Ici c'est la partie qui me sépare de ma charmante voisine de 93 ans qui vient chaque été seulement pendant un mois pour mettre une pagaille pas possible avec 12 membres de sa familles, enfin façon de parler. Vieillir, c'est mal, la famille en fait ne se déplace en nombre en fait que pendant quinze jours, la pauvre dame est restée seule pendant une semaine, quand on s'est retrouvé avec une méga panne d'électricité, vous vous doutez bien de qui a relancé sa télé. Sa maison est d'ailleurs extraordinaire, elle a été conservée à l'identique des années 70, tapisseries et le reste, c'est comme un voyage dans le temps. Comme on peut le voir, on a une large portion constituée essentiellement de roche, je vais donc monter quelques lignes de cairons et mettre du grillage rigide, je ne risque pas l'éboulement de terrain. Il faut imaginer que tout était à la même hauteur que son terrain, si tout est plat c'est bibi qui a tout viré.

Si on continue à faire le tour, on arrive à la partie principale, croisement de terre et de pierre. Ici pas le choix, ce sera un mur de soutien, il faut donc continuer à creuser en profondeur pour faire de solides fondations. J'essaie de conserver le grillage au dessus jusqu'au dernier moment, de la même façon je mettrai un grillage rigide au-dessus. Sans dire que ça part comme du beurre, ce n'est pas la partie la plus difficile à piquer, contrairement à la partie qui me sépare de la voisine la roche est plus tendre. Dans le coin sur la gauche, vous pouvez voir la racine de l'arbre que j'ai fait couper, j'ai donc fait sauter deux mètres de profondeur ou de hauteur, c'est selon ...

Et enfin la dernière partie qui est un bonus que je me suis rajouté, un bonus de raison. Mon voisin me donne l'autorisation de faire un peu ce que je veux, sa maison étant à vendre, et comme il sait que ce sera propre, je vais monter un mur dans l'alignement du sien de façon à ce que ça soit le plus homogène possible. En fait les grillages de séparation on été coulés dans du béton et posés à même la terre ce qui fait qu'avec le vent, ça se balance dans tous les coins. Le mur sera donc monté au même niveau que le mur principal pour donner un peu plus l'impression de cours de prison, un mal nécessaire tout de même pour avoir quelque chose de correct, l'idéal aurait été de faire sauter le cabanon du voisin qui mange énormément de lumière, je suis joueur mais pas à ce point.

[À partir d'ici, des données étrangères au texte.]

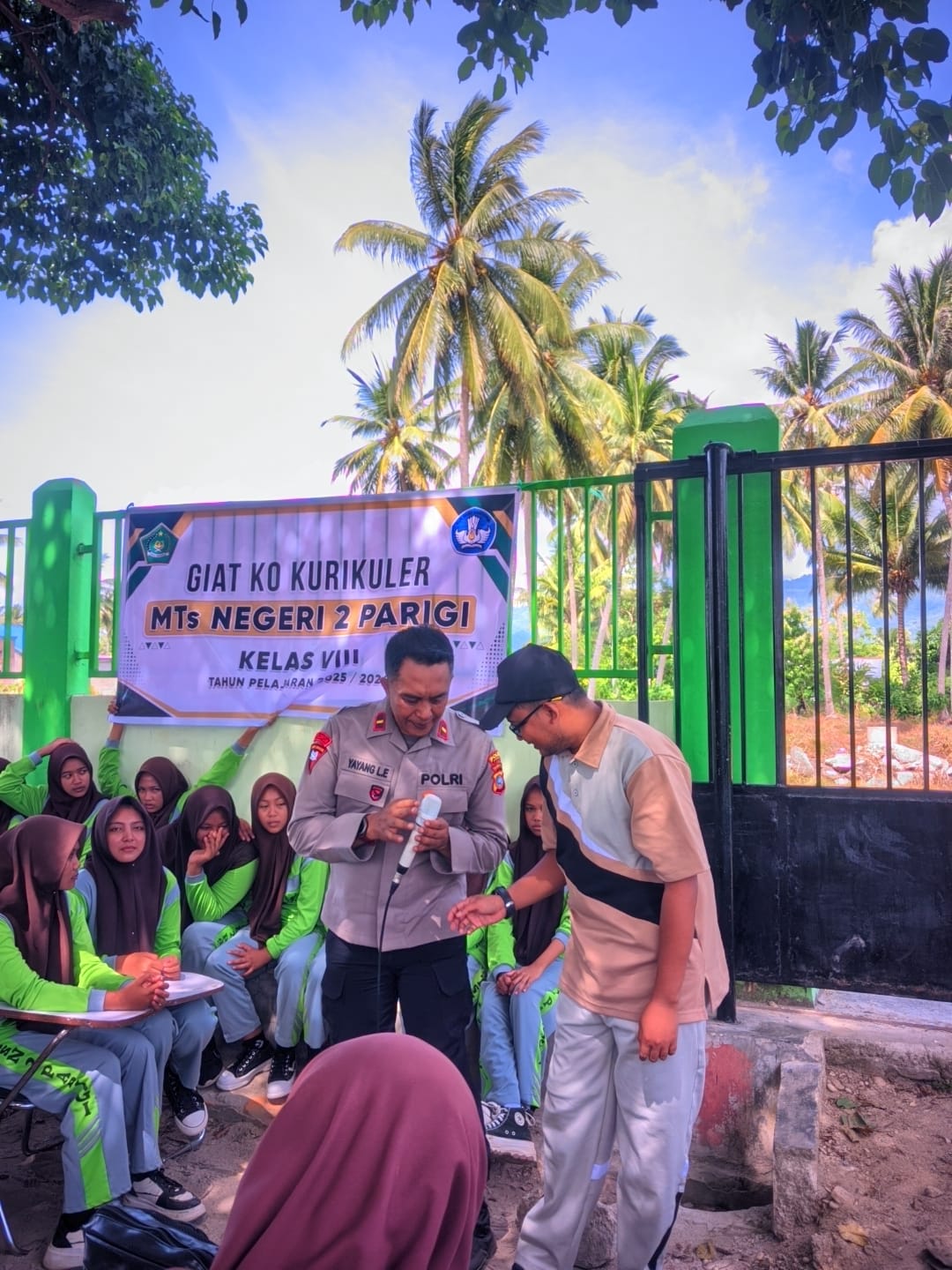 Parigi Moutong — Upaya membangun kesadaran disiplin sejak dini terus dilakukan jajaran Kepolisian. Kapolsubsektor Mepanga, IPDA Yayang Luki. E, turun langsung ke lingkungan pendidikan dengan melaksanakan kegiatan Ko-Kurikuler bertema Tertib Lalu Lintas demi Keselamatan di Jalan bersama siswa-siswi kelas VIII MTs Negeri 2 Parigi, Desa Kotaraya Selatan, Kecamatan Mepanga, Kabupaten Parigi Moutong.

A l'année nous ne sommes que 1500 habitants, en une semaine le moins qu'on puisse dire c'est que la station balnéaire s'est remplie, trop à mon goût. Dix minutes de queue ce matin pour chercher le pain, le marché qui d'habitude n'est constitué que de mon malheureux légumier en hiver, présent quelle que soit la météo avait peut être 100 vendeurs. Aller chercher ses tomates c'est slalomer entre les vieux, patienter derrière les poussettes, enfin bref se mettre au rythme des touristes et des retraités, on sent dès lors un parfum de vacances. Même si cela me gave, cela fait partie du jeu économique, ici les commerçants ont 6 mois d'activité, le reste du temps c'est nous, vous comprendrez qu'ils n'ont pas droit à l'erreur ni au mauvais temps d'ailleurs, si l'afflux d'envahisseurs m'agace, c'est un enjeu important pour tout le monde, j'en ai conscience. Qu'on ne s'y trompe pas d'ailleurs, malgré la crise, le contexte, l'argent coulait à flots ce matin, des "restaurants" à proximité de la mer qui doivent faire même pas 50 mètres carrés avec la terrasse ont dû se vendre aux environs du million d'euros. La plage, le soleil, ça reste le rêve français, même si la concurrence des vacances pas cher à l'étranger existe, il en faudra beaucoup pour vider les plages de Méditerranée.

La fin d'année se précise, pressante, nous y viendrons en temps et en heure.